I'm trying create a function that takes an SQL SELECT query as a parameter and use dask to read its results into a dask DataFrame using the dask.read_sql_query
function. I am new to dask and to SQLAlchemy.
I first tried this:
import dask.dataFrame as dd
query = "SELECT name, age, date_of_birth from customer"

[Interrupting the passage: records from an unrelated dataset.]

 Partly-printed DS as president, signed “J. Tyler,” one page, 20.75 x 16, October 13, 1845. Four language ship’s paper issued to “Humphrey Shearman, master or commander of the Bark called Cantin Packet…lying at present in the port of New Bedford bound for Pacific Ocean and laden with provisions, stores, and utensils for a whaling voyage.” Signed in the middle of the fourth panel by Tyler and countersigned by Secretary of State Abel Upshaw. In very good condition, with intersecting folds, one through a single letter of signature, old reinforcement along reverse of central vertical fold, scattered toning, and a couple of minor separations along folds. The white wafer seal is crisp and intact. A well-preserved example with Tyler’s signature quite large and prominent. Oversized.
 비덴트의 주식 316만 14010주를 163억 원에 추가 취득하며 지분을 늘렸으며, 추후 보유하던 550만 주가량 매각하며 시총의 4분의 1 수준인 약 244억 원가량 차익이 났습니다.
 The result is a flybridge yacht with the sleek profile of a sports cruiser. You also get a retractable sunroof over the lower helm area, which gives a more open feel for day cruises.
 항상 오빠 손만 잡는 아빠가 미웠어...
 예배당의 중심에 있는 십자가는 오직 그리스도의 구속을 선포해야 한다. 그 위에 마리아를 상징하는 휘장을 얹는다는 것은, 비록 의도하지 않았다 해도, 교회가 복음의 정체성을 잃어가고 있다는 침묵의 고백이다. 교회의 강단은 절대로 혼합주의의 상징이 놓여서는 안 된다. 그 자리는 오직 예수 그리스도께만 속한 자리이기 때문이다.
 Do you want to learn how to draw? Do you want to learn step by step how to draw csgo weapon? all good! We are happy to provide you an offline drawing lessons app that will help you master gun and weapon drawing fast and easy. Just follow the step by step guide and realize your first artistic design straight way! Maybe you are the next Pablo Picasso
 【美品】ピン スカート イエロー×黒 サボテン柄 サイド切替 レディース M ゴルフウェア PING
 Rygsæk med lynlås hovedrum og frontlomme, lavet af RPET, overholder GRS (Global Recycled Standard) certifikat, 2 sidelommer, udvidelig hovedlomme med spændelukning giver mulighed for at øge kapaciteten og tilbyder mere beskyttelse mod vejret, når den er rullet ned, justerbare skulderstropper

df = dd.read_sql_query(sql=query, con=con_string, index_col="name", npartitions=10)
As you probably already know, this won't work because the sql
parameter has to be an SQLAlchemy selectable and more importantly, TextClause
isn't supported.
I then wrapped the query behind a select
like this:
import dask.dataFrame as dd
from sqlalchemy import sql
query = "SELECT name, age, date_of_birth from customer"
sa_query = sql.select(sql.text(query))
df = dd.read_sql_query(sql=sa_query, con=con_string, index_col="name")

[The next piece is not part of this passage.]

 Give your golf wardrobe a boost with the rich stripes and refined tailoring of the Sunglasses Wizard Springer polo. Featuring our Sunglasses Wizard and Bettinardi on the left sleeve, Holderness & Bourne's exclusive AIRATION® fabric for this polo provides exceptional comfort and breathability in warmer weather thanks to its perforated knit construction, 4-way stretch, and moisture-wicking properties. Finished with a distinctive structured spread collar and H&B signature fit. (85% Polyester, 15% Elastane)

This fails too with a very weird error that I have been trying to solve. The problem is that dask needs to infer the types of the columns and it does so by reading the first head_row
rows in the table - 5 rows by default - and infer the types there. This line in the dask codebase adds a LIMIT ?
to the query, which ends up being
SELECT name, age, date_of_birth from customer LIMIT param_1
The param_1
doesn't get substituted at all with the right value - 5 in this case. It then fails on the next line, https://github.com/dask/dask/blob/main/dask/dataframe/io/sql.py#L119, tjat evaluates the SQL expression.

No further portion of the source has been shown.